- **Exercise data**
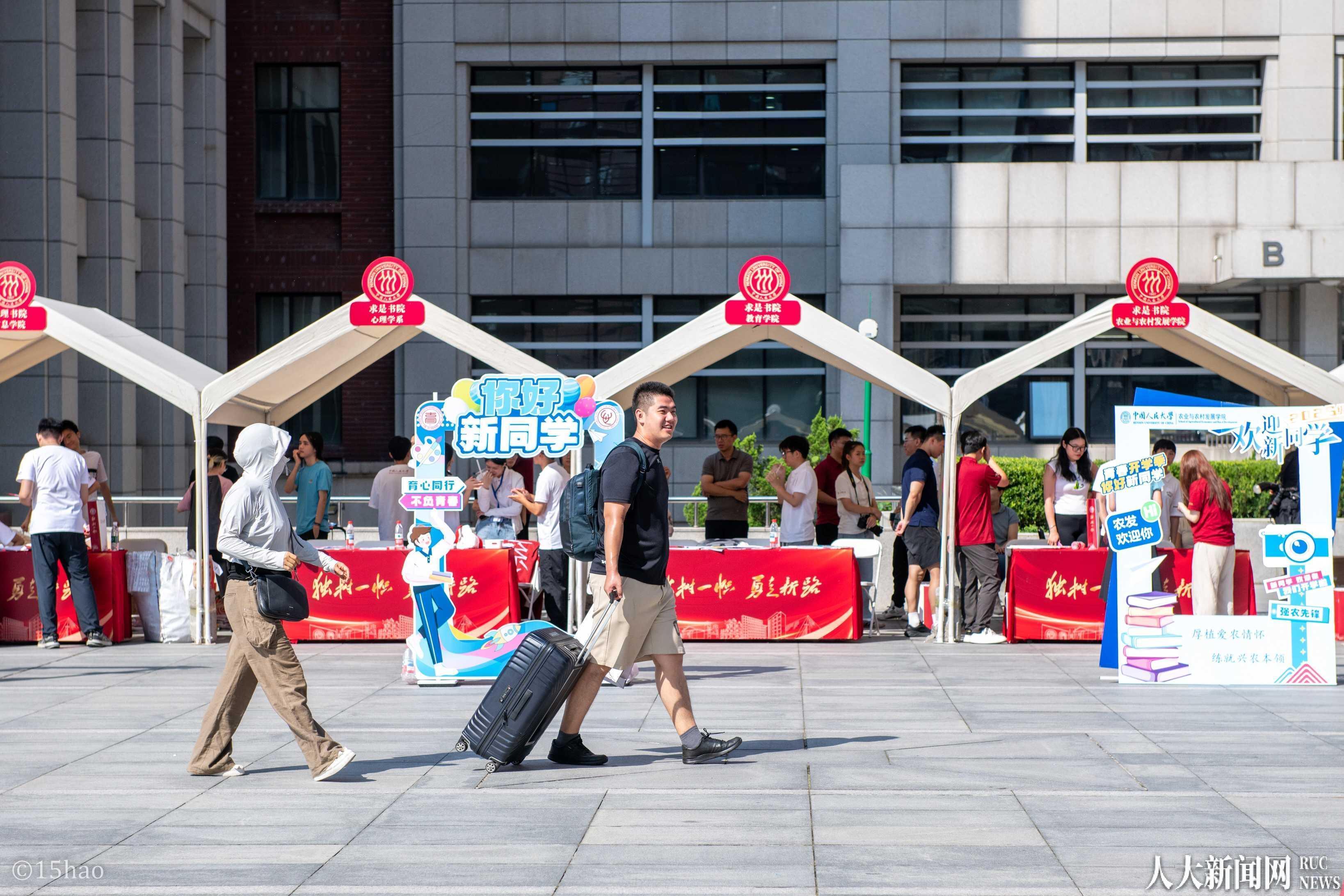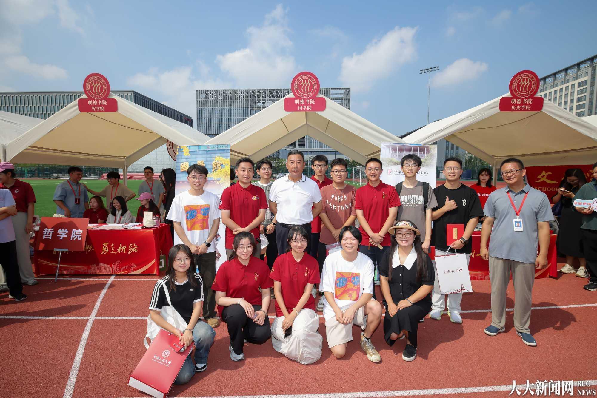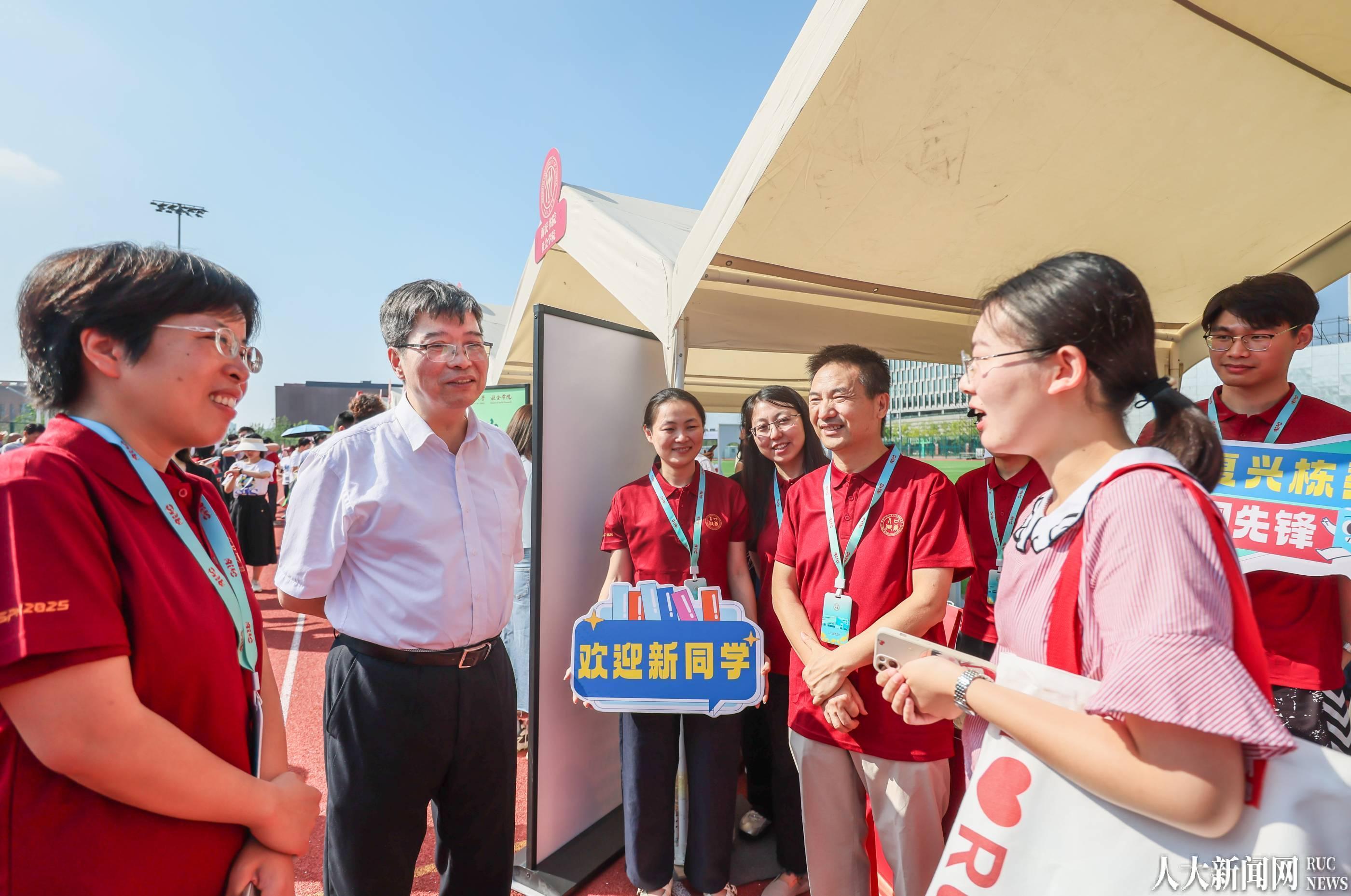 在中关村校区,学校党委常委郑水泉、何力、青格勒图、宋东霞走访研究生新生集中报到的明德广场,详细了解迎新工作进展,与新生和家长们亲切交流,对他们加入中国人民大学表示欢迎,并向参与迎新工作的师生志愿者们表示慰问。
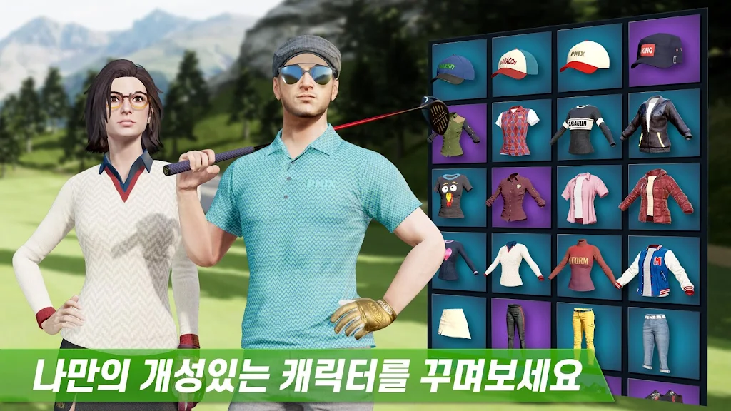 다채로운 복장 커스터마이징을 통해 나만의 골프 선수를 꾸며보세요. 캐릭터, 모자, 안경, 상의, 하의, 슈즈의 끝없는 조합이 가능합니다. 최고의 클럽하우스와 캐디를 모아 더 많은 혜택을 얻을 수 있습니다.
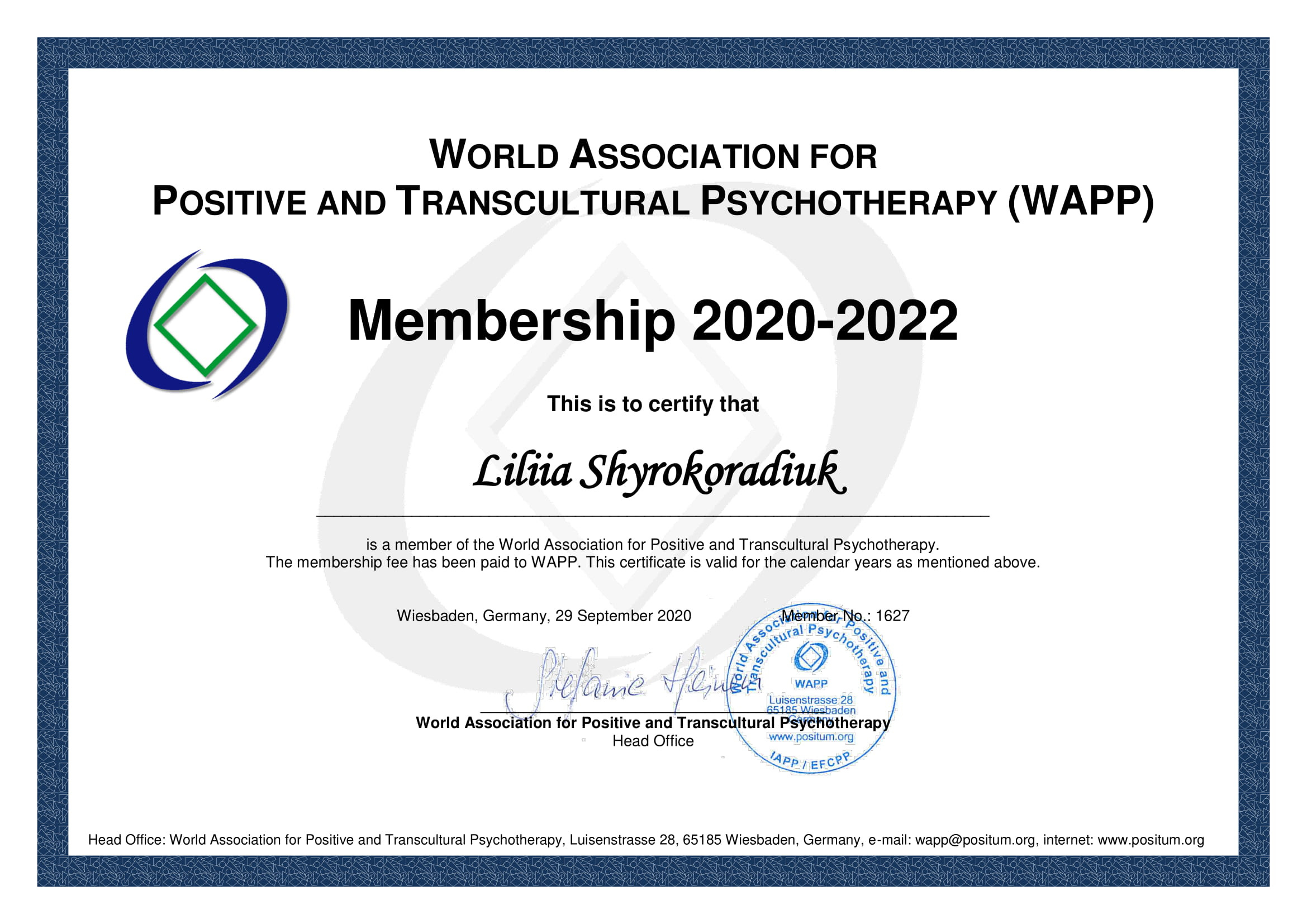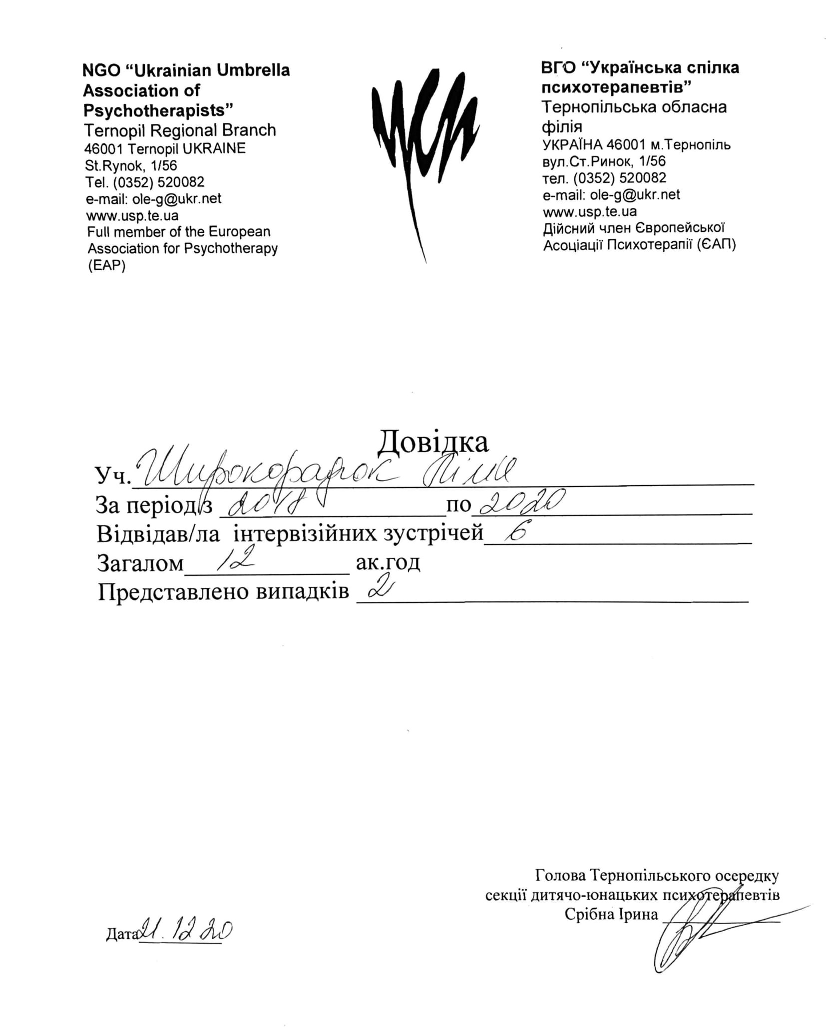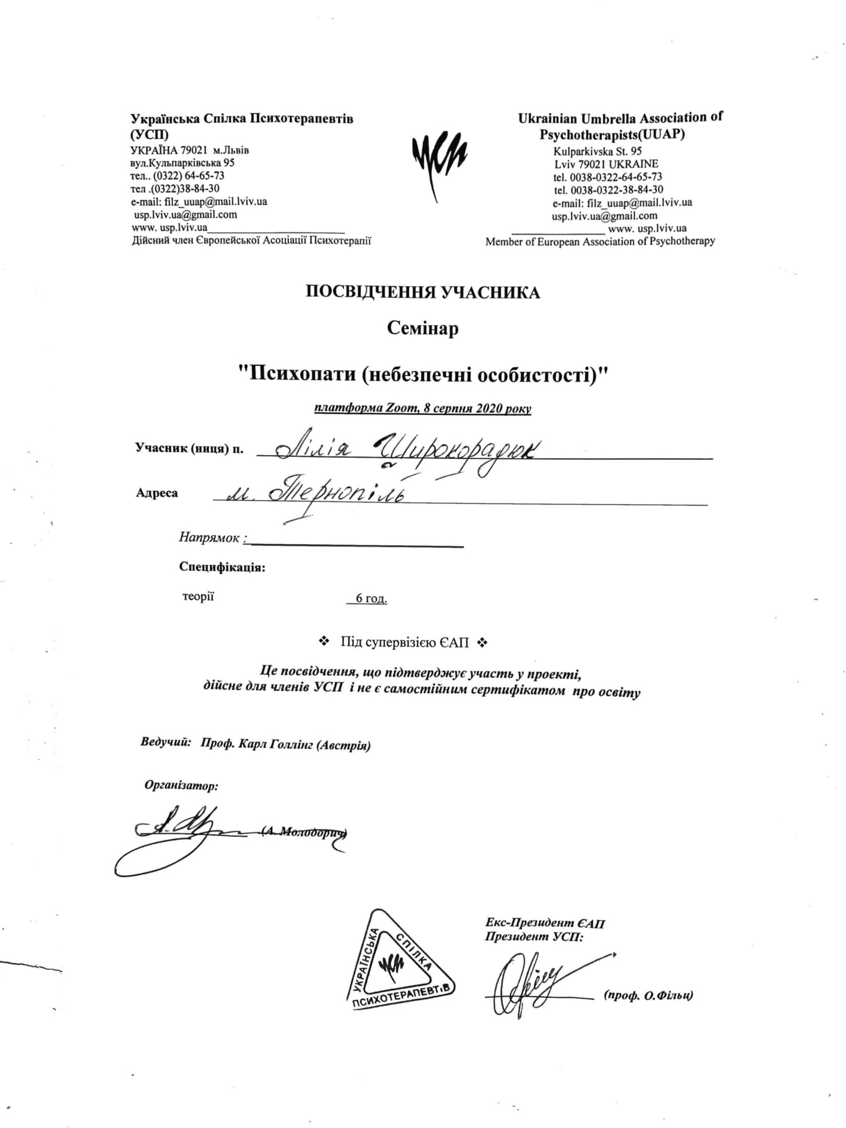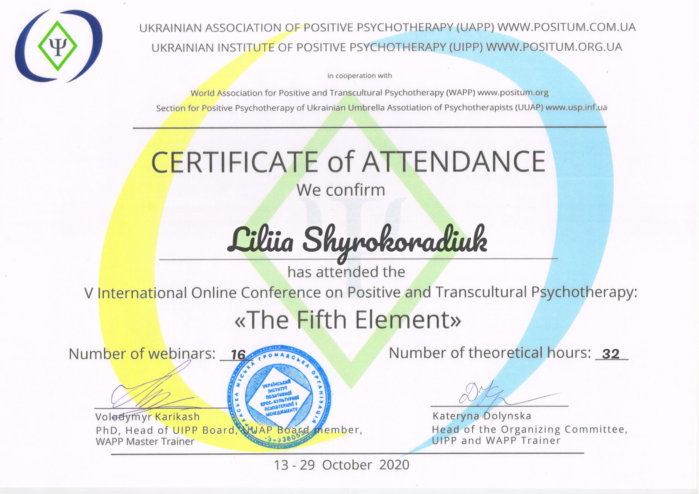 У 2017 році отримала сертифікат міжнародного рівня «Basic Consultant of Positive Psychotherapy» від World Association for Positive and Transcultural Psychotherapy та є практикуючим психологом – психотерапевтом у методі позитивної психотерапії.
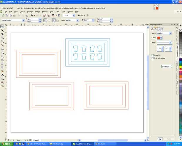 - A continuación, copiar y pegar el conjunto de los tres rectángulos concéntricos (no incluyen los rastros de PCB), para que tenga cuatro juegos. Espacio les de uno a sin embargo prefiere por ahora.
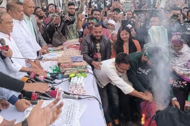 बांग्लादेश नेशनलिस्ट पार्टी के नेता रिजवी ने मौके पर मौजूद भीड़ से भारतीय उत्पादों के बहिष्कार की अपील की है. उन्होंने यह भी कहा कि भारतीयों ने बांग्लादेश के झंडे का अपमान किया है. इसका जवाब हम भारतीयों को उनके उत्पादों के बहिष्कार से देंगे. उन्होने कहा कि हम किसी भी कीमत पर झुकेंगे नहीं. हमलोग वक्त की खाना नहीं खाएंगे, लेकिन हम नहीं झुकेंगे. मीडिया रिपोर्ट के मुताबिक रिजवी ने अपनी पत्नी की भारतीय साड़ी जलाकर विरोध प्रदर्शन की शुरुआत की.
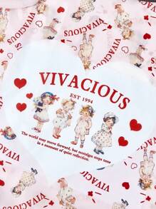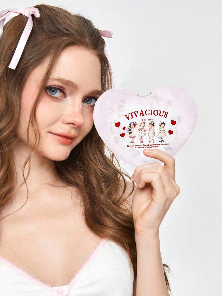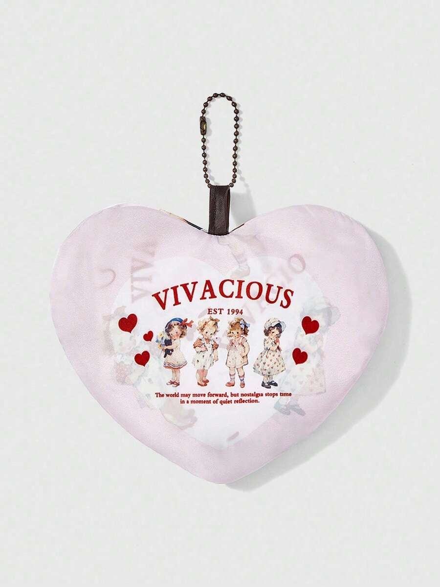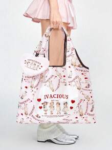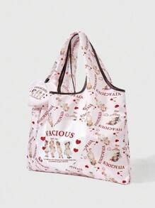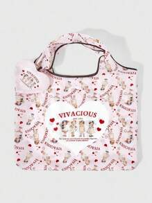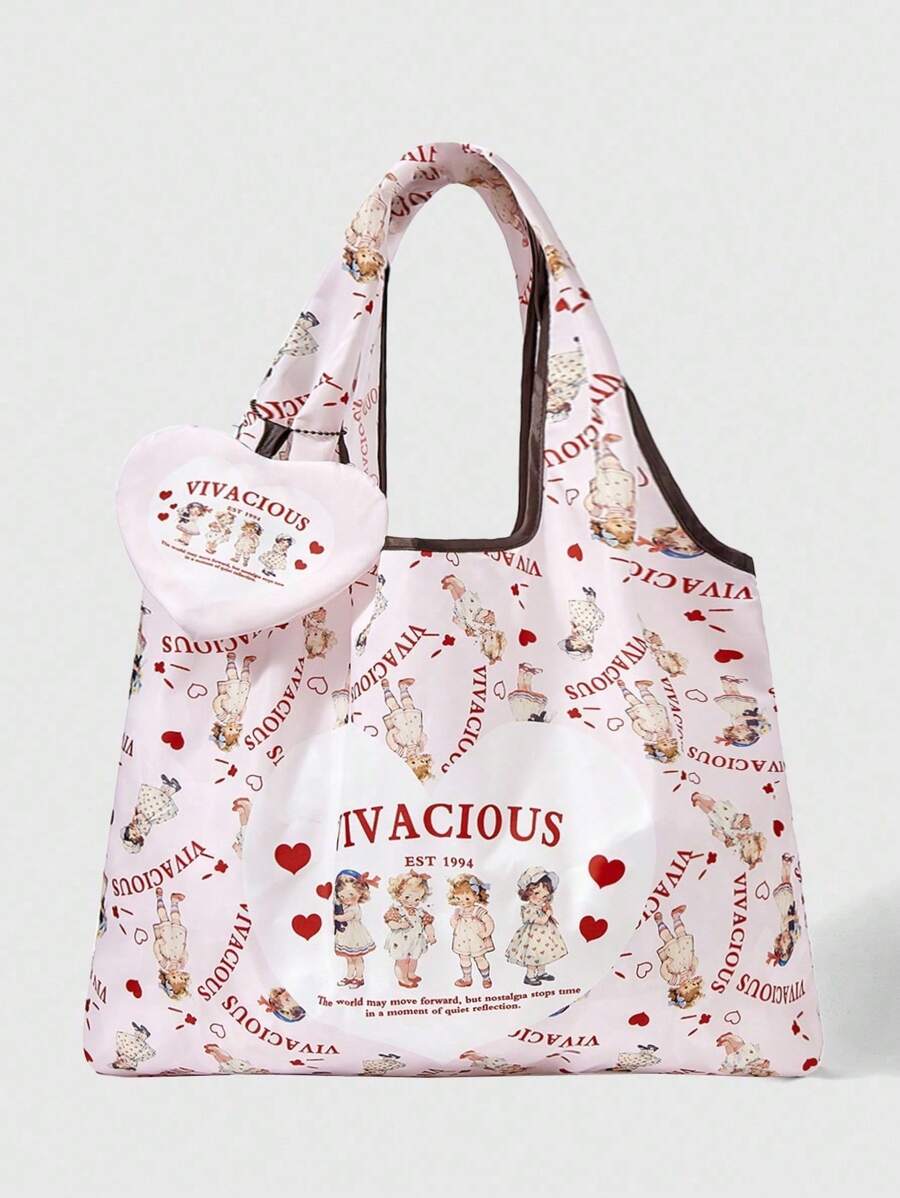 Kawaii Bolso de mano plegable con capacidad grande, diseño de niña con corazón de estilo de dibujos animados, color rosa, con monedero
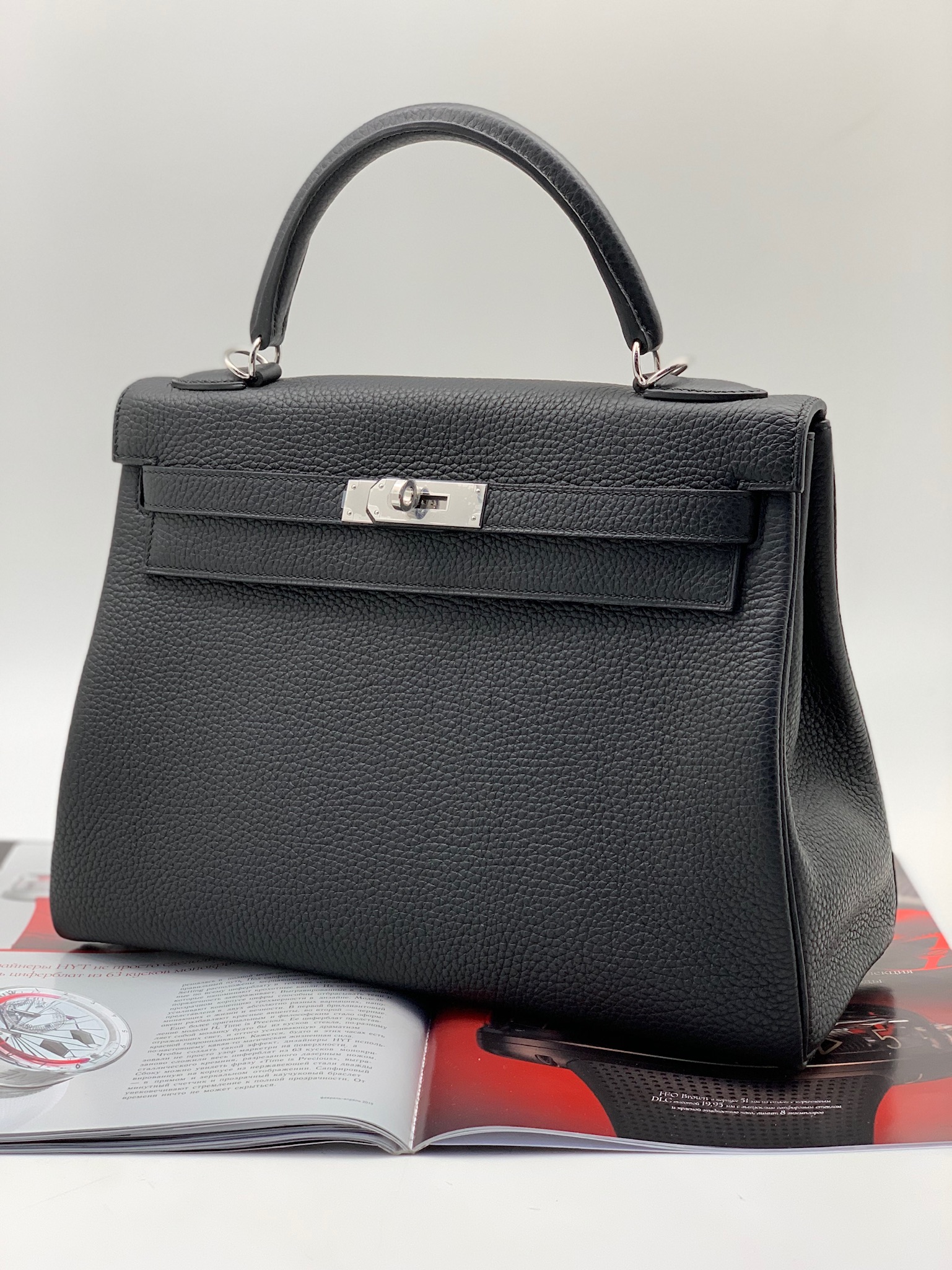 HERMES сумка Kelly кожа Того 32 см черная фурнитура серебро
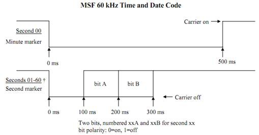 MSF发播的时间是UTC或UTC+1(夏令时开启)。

- **What to produce**
With the pictures left out, output exactly the lines from the one with "Kawaii Bolso de" through the end of the listing above, both ends included.

- **Exercise output**
 Kawaii Bolso de mano plegable con capacidad grande, diseño de niña con corazón de estilo de dibujos animados, color rosa, con monedero
 HERMES сумка Kelly кожа Того 32 см черная фурнитура серебро
 MSF发播的时间是UTC或UTC+1(夏令时开启)。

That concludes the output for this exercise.